Print the records below exactly, from the line containing "Брюки трикотажные, свободного" down to the line containing "Pretty Pink and", both lines included, and omit every picture.
Data extract Block Start
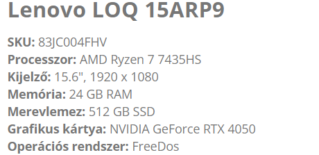 Barátnőm szeretett volna egy gamer laptopot, a Lenovo LOQ 15ARP9 lett.
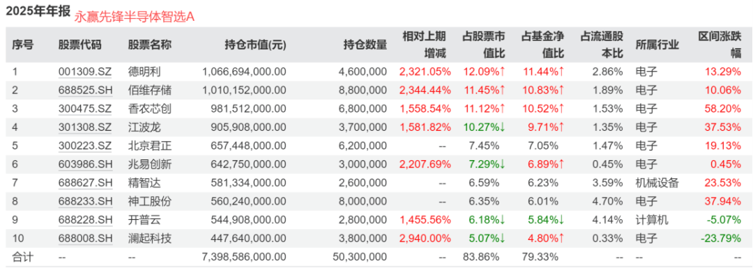 排在榜首的是张海啸管理的永赢先锋半导体智选混合发起A(025208.OF),听名字就知道,这只基金专注在半导体赛道,四季报显示其持仓主要聚焦在芯片领域。
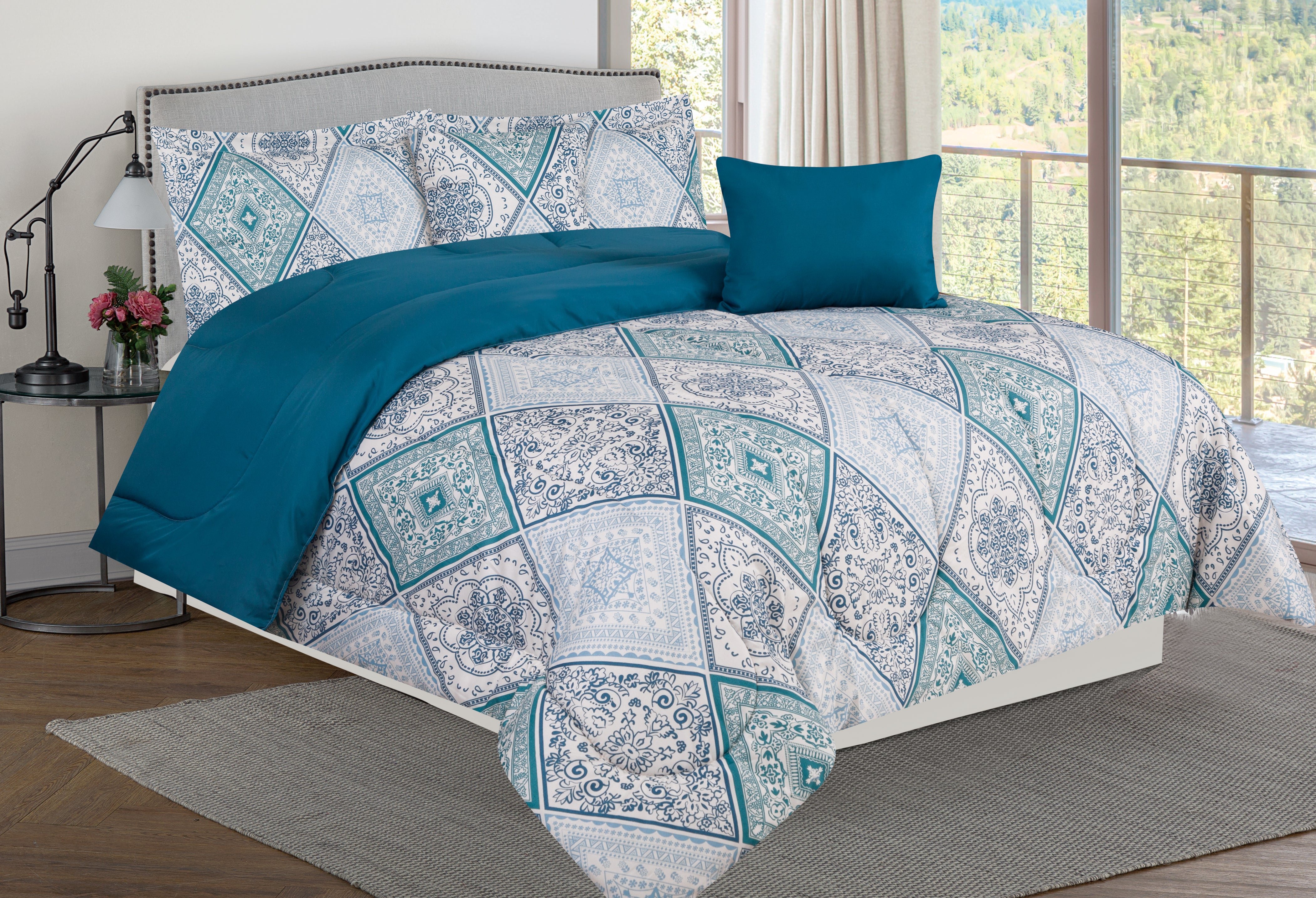 This elegant and chic comforter set will give your bedroom a fashionable makeover! The fresh color palette makes a bold statement. This bedding set is guaranteed to leave an unforgettable impression on all your guests and friends. The super soft microfiber comforter reverses to a coordinating geometric pattern. Available in Queen and King sizes, the set includes a comforter, two standard or King shams, and two complementary decorative pillows to complete the look.
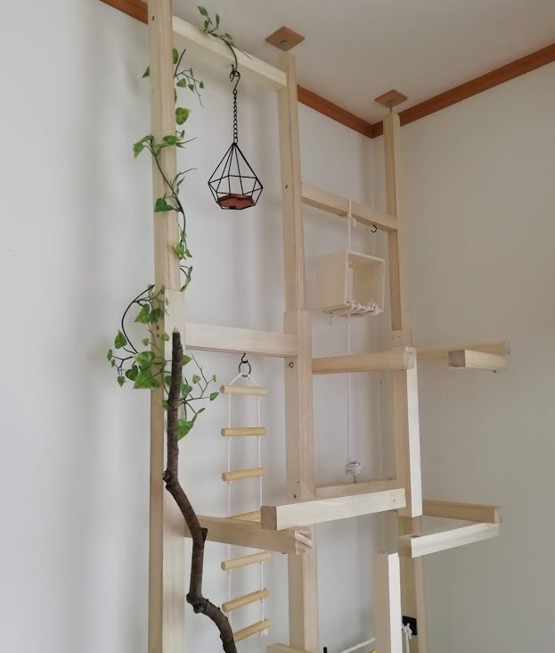本当は2号を横方向に増設し、壁一面にリコさんが遊び回れる空間をつくりたかったんだけど、
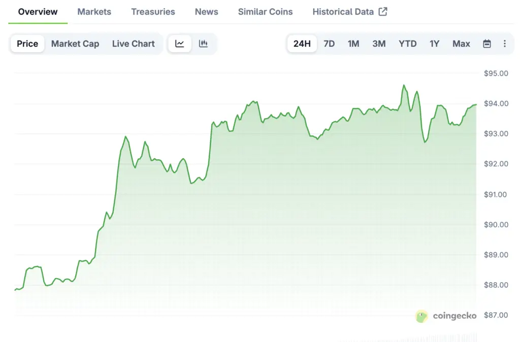 On March 16, Solana USD is trading near $93.8, which means it is gaining momentum again. Over the past 24 hours, the token went up about 2.19%, and over the past week, it went up about 8.01%. As technical signals get stronger, more and more people in the market keep an eye on the asset.
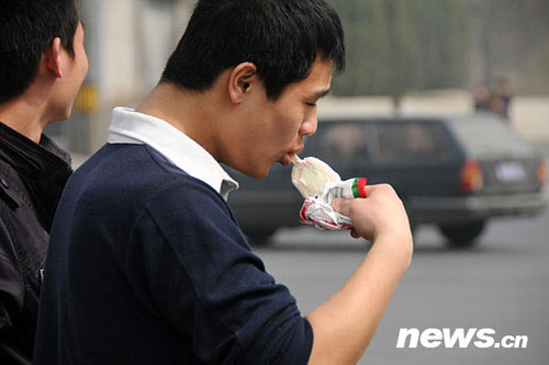 3月18日,一位身著短衫的北京市民在吃冰棒消暑。
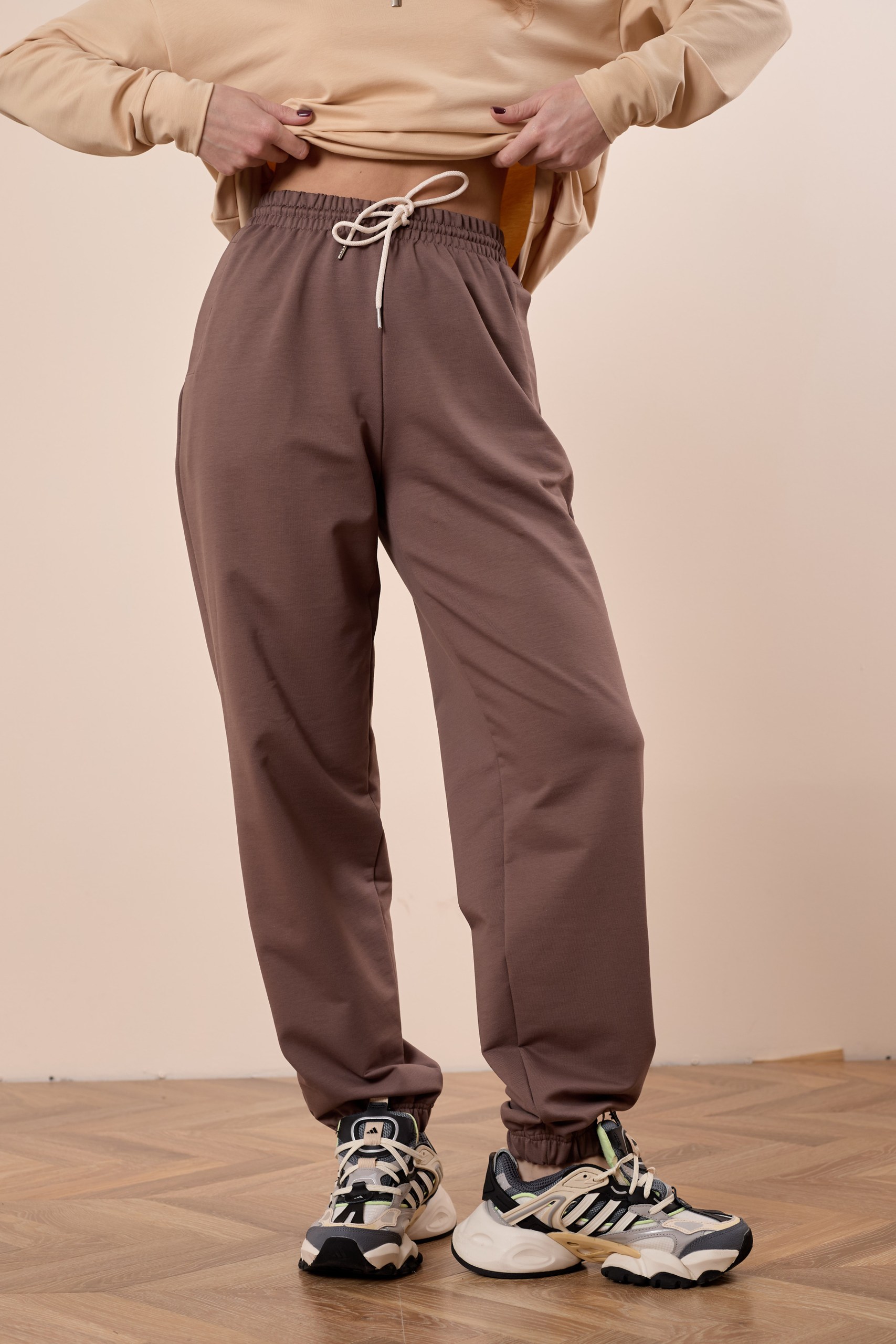 Брюки трикотажные, свободного кроя, с цельнокроеным поясом
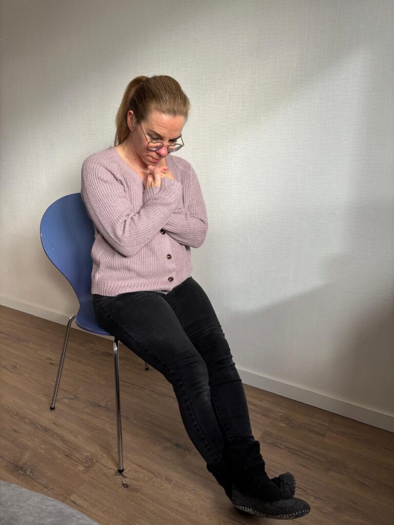 - Ga zitten of liggen (bij liggen buig ik mijn knieën en zet ik mijn voetzolen op de grond of de behandeltafel).
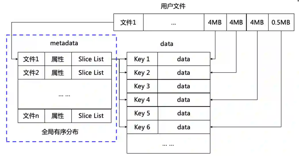 云存储系统一般由数据面和元数据面构成,其中数据面用于存储用户数据,元数据面用于存储数据对应的 meta 信息。用户数据量和访问量的增加会导致元数据面存储的条目数和 QPS 增加,元数据面的扩展性会直接影响到整个存储系统的扩展性。
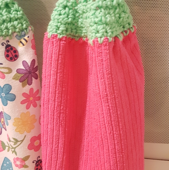 Pretty Pink and Spring Pattern to brighten any kitchen with this cheerful pattern. Crothet top with bright decorative button to hang towel. Top is 100%acrylic and towel is 100%polyester.
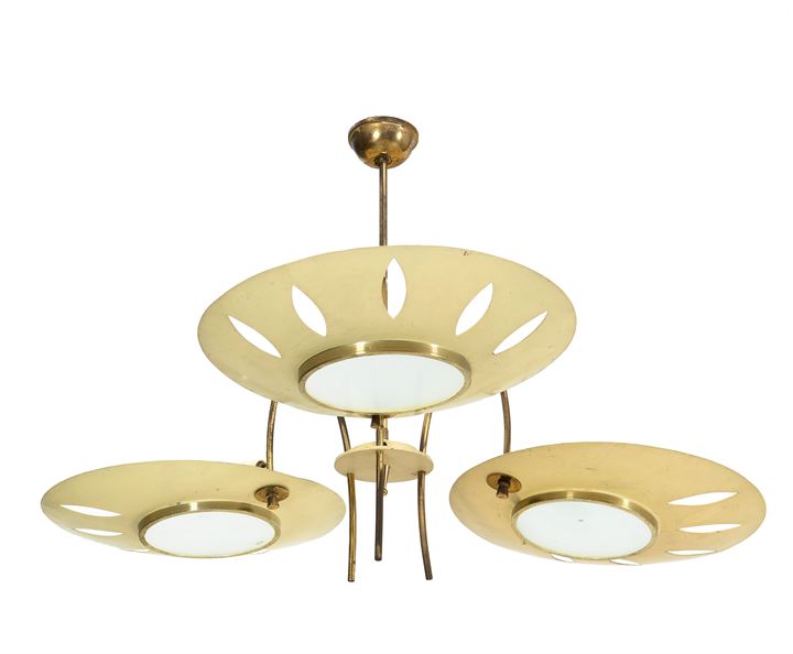 Lampada a sospensione con struttura in ottone e diffusori in alluminio laccato e vetro satinato.
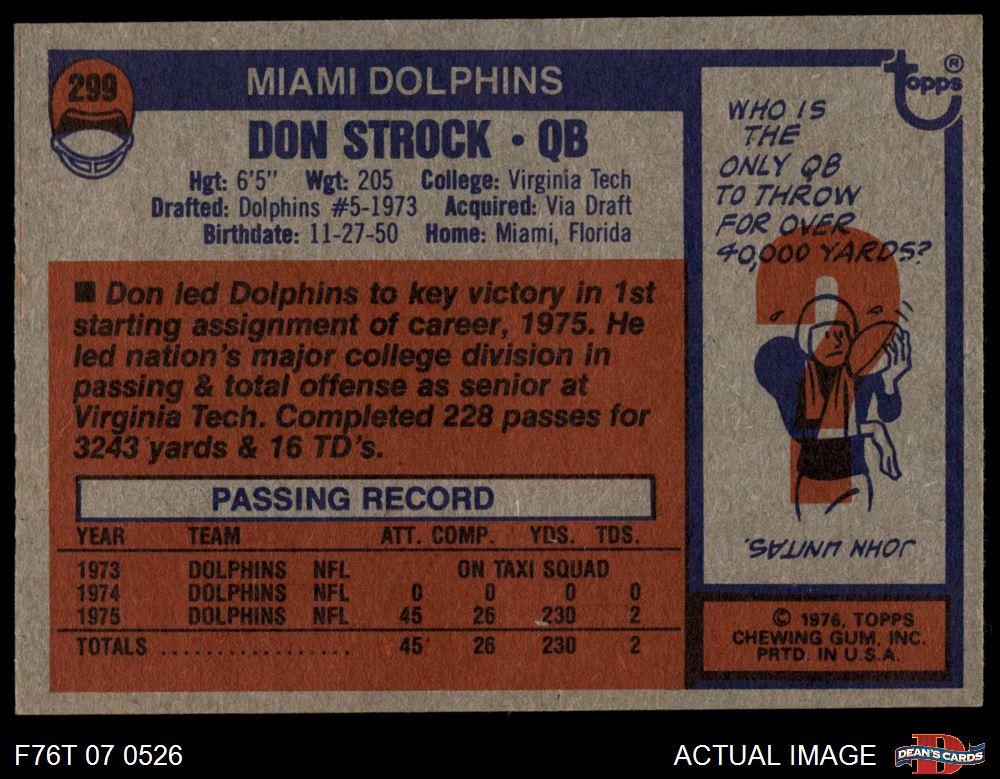 1976 Topps #299 Don Strock 5 - EX
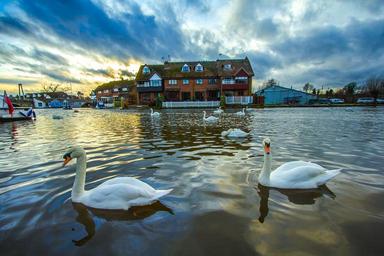 Keywords: swans wroxham england river nature sunset winter
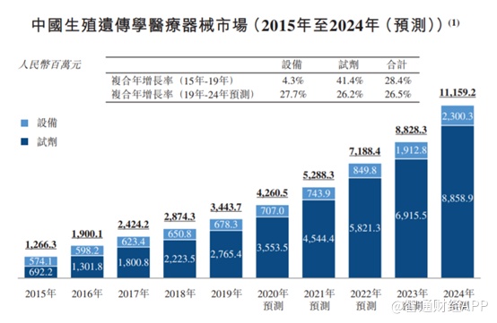 据弗若斯特沙利文数据显示,中国生殖遗传学医疗器械市场从2015年的13亿元增长至2019年的34亿元,复合年增长率达28.4%,并预期在2024年达到112亿元,2019年至2024年的复合年增长率达到26.5%。
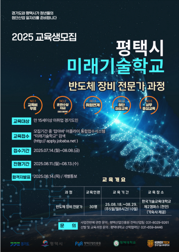 평택시(시장 정장선)는 오는 8월 18일부터 10일간 ‘2025년 평택시 미래기술학교 반도체 장비 전문가 과정’을 운영한다.
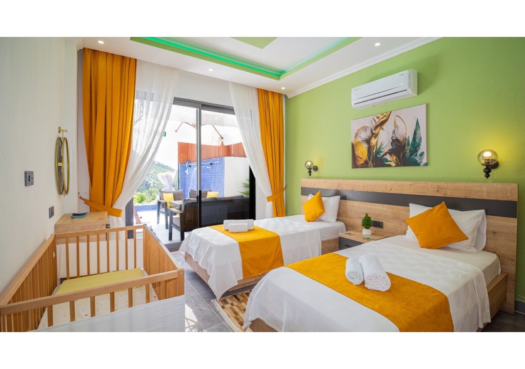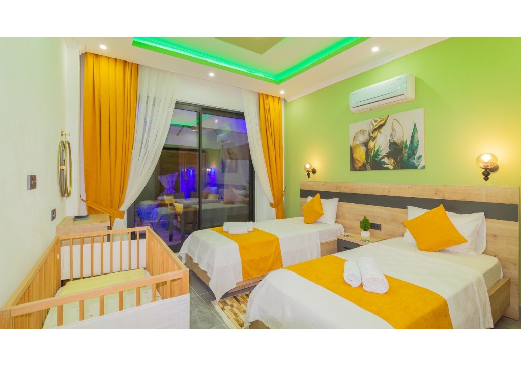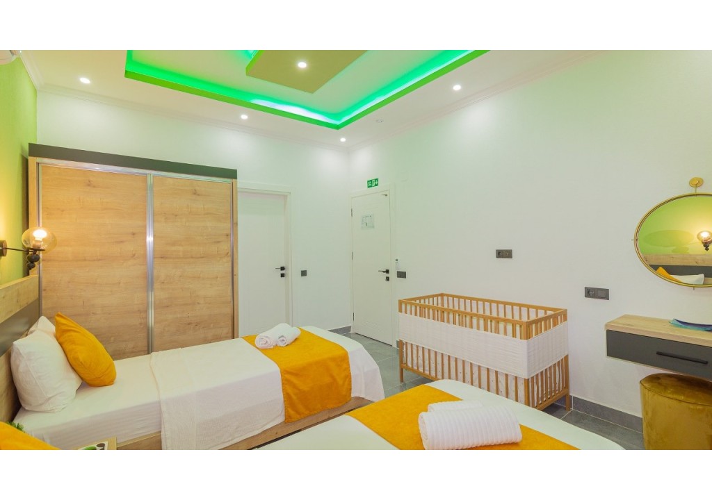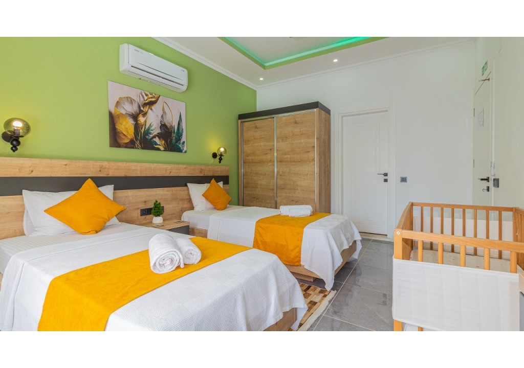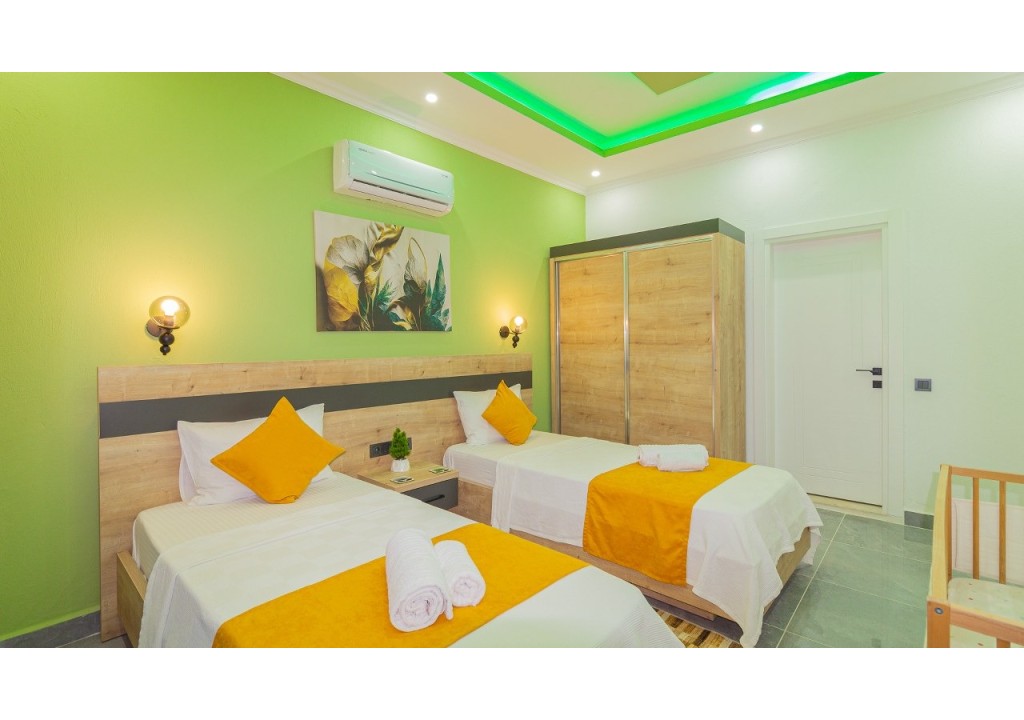 Detayları; İki adet tek kişilik yatak, makyaj masası, komidin, klima, elbise dolabı, banyo ve tuvalet bulunmaktadır.
Data extract Block End
## Written solution
 Брюки трикотажные, свободного кроя, с цельнокроеным поясом
 - Ga zitten of liggen (bij liggen buig ik mijn knieën en zet ik mijn voetzolen op de grond of de behandeltafel).
 云存储系统一般由数据面和元数据面构成,其中数据面用于存储用户数据,元数据面用于存储数据对应的 meta 信息。用户数据量和访问量的增加会导致元数据面存储的条目数和 QPS 增加,元数据面的扩展性会直接影响到整个存储系统的扩展性。
 Pretty Pink and Spring Pattern to brighten any kitchen with this cheerful pattern. Crothet top with bright decorative button to hang towel. Top is 100%acrylic and towel is 100%polyester.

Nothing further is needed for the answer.